* **SOURCE DATA**:
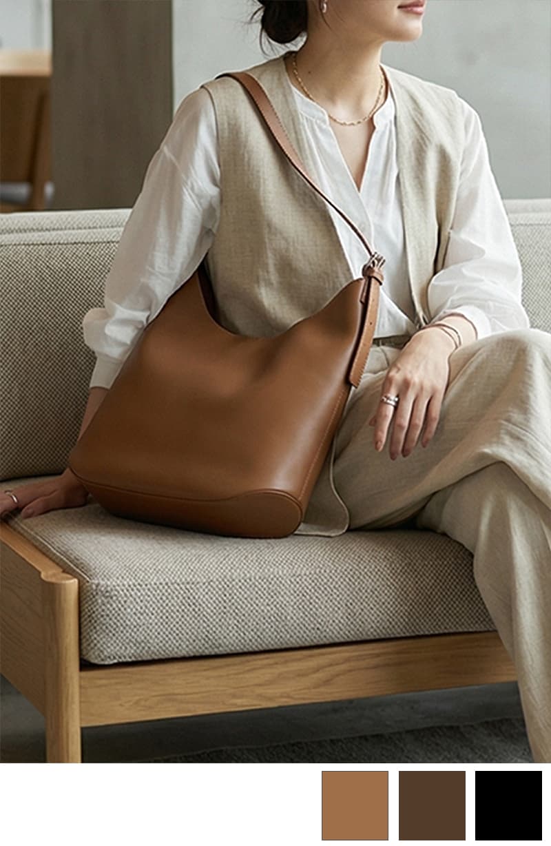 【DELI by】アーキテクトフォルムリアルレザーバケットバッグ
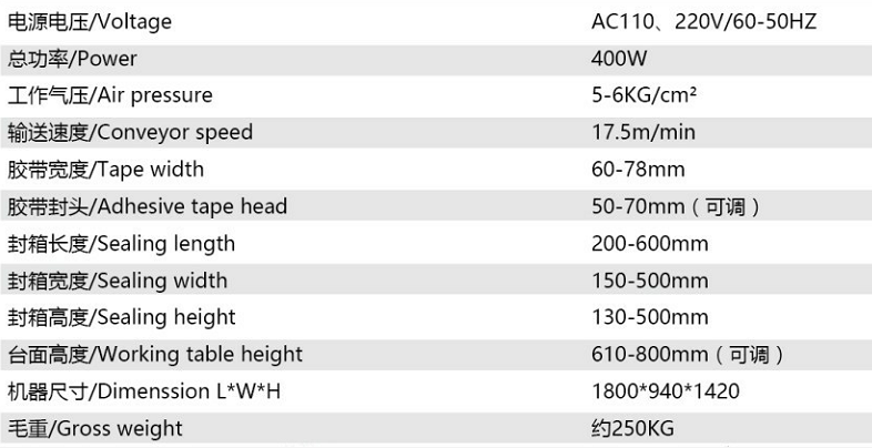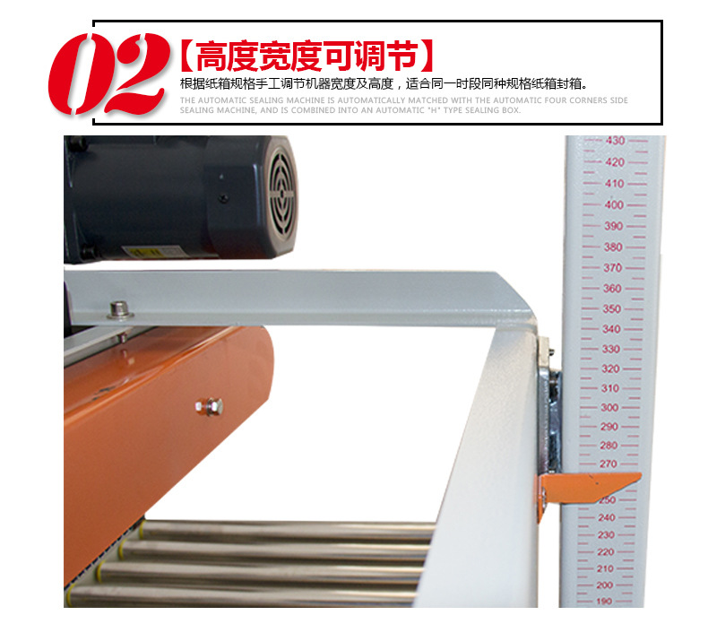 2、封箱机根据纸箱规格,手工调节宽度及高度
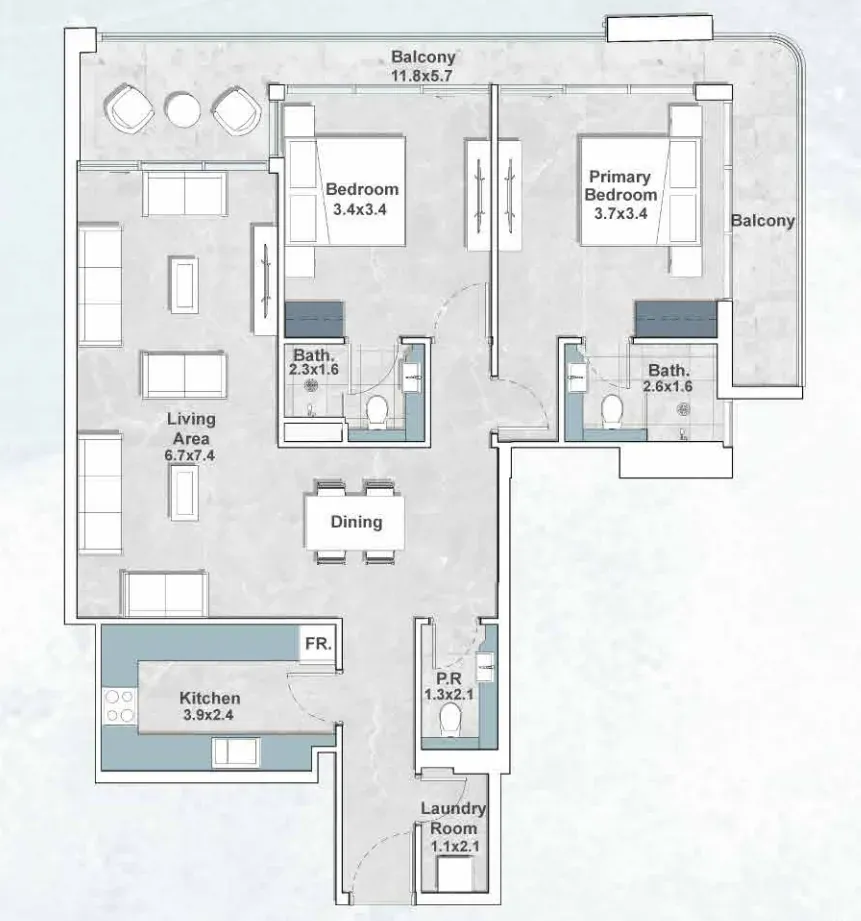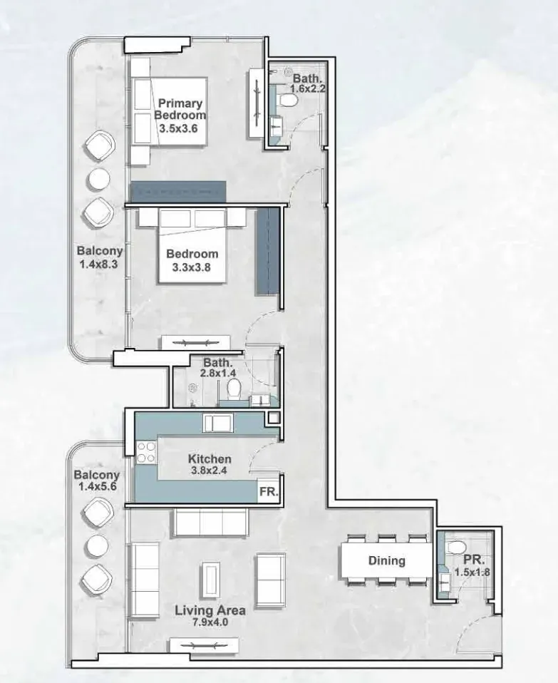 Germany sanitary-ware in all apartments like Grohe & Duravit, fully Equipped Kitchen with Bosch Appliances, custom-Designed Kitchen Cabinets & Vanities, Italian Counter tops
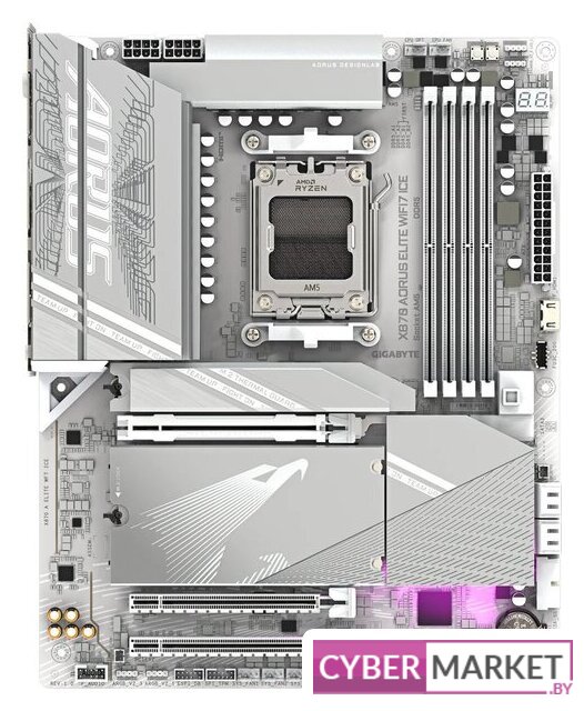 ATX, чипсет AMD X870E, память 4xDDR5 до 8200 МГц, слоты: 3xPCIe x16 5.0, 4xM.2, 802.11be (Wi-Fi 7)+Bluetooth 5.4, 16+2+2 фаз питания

* * *

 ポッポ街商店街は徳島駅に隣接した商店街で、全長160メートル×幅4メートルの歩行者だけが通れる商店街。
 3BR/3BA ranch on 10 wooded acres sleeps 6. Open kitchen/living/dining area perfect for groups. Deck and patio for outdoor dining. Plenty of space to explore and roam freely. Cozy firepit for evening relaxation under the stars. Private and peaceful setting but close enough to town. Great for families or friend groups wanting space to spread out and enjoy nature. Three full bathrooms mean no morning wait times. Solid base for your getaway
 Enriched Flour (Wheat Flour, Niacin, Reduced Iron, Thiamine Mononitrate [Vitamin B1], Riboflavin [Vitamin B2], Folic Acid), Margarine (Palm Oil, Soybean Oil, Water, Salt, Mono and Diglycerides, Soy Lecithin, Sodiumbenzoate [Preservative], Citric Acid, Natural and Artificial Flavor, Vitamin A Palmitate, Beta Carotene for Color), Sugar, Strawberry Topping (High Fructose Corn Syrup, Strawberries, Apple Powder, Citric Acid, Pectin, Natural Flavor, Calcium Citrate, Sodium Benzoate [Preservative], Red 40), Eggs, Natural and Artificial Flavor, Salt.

* * *

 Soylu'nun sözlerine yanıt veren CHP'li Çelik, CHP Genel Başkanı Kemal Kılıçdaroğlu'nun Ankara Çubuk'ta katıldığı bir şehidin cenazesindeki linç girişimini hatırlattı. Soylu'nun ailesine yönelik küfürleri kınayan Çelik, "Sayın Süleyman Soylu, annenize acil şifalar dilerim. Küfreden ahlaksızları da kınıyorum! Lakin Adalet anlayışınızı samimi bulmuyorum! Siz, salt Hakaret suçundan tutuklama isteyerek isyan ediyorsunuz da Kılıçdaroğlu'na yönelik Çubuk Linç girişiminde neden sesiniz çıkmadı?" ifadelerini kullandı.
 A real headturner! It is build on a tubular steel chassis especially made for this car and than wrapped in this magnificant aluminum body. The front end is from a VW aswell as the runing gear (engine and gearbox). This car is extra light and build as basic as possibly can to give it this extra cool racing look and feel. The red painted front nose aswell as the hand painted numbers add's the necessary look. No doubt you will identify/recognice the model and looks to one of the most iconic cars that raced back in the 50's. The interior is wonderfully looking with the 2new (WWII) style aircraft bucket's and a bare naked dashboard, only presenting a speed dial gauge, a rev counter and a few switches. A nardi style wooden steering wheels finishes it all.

* **TASK ITEM**: Your reply is to be an exact repeat of the listing above from the line holding "2、封箱机根据纸箱规格,手工调节宽度及高度" down to the line holding "ATX, чипсет AMD", ends included, pictures excluded.

* **ANSWER BOX**:
 2、封箱机根据纸箱规格,手工调节宽度及高度
 Germany sanitary-ware in all apartments like Grohe & Duravit, fully Equipped Kitchen with Bosch Appliances, custom-Designed Kitchen Cabinets & Vanities, Italian Counter tops
 ATX, чипсет AMD X870E, память 4xDDR5 до 8200 МГц, слоты: 3xPCIe x16 5.0, 4xM.2, 802.11be (Wi-Fi 7)+Bluetooth 5.4, 16+2+2 фаз питания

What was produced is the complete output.